• [Given data]:

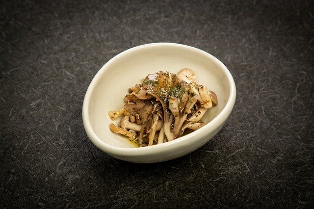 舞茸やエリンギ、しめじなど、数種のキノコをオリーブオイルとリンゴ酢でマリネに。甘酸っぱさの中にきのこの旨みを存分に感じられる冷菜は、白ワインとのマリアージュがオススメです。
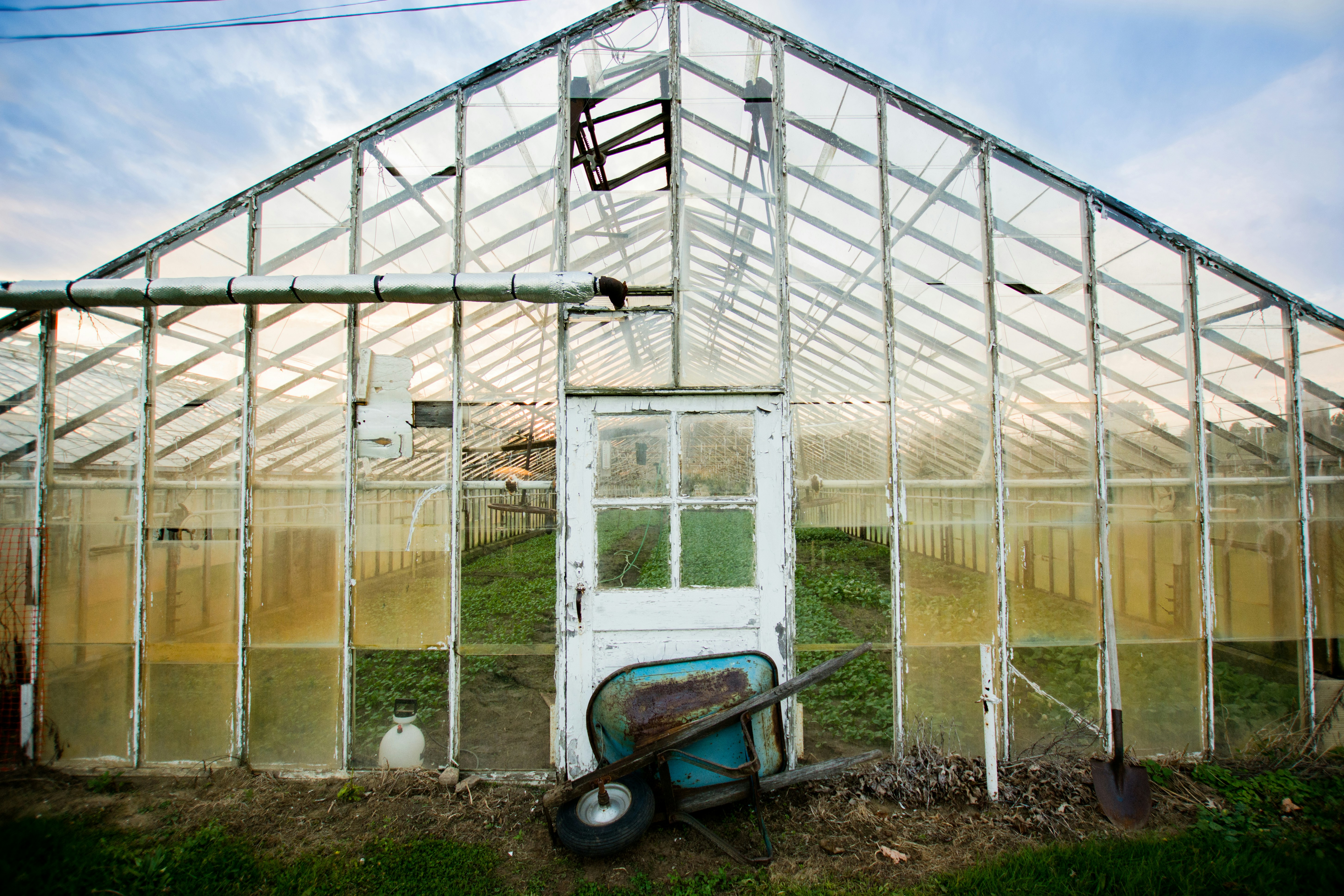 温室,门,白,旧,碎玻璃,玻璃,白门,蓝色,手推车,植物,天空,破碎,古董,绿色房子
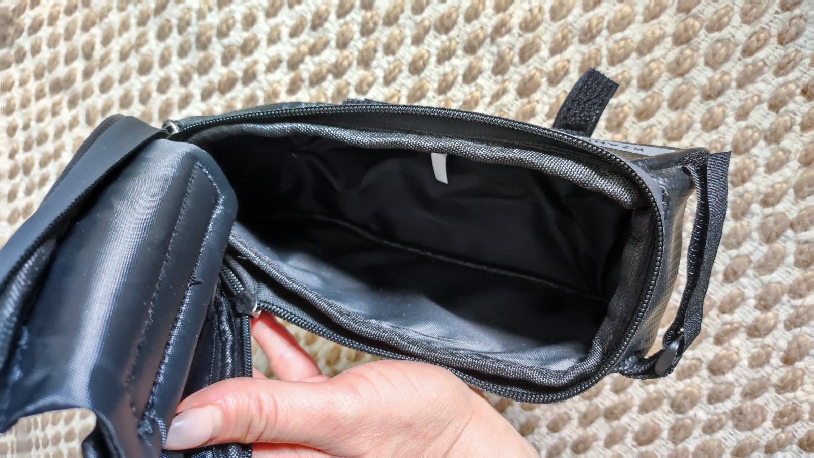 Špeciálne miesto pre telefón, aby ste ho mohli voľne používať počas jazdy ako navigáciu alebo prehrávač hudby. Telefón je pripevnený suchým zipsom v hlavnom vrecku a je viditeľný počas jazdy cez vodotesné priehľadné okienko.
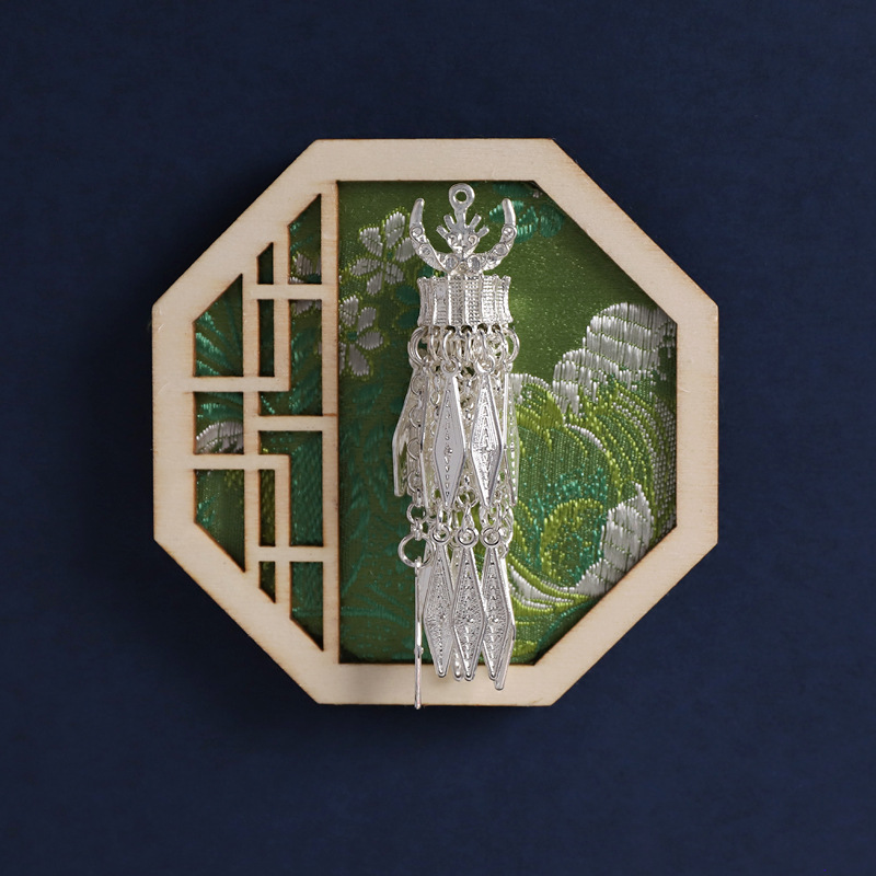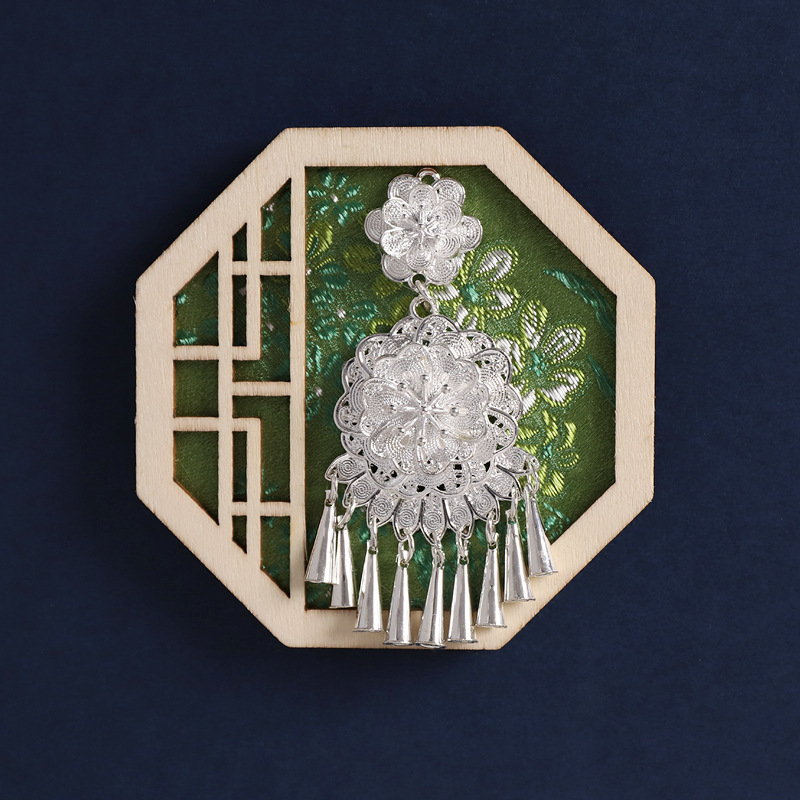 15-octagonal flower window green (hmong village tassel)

• [Task item]: Quote the material in full and exactly; do not carry over its pictures.

• [Written solution]:
 舞茸やエリンギ、しめじなど、数種のキノコをオリーブオイルとリンゴ酢でマリネに。甘酸っぱさの中にきのこの旨みを存分に感じられる冷菜は、白ワインとのマリアージュがオススメです。
 温室,门,白,旧,碎玻璃,玻璃,白门,蓝色,手推车,植物,天空,破碎,古董,绿色房子
 Špeciálne miesto pre telefón, aby ste ho mohli voľne používať počas jazdy ako navigáciu alebo prehrávač hudby. Telefón je pripevnený suchým zipsom v hlavnom vrecku a je viditeľný počas jazdy cez vodotesné priehľadné okienko.
 15-octagonal flower window green (hmong village tassel)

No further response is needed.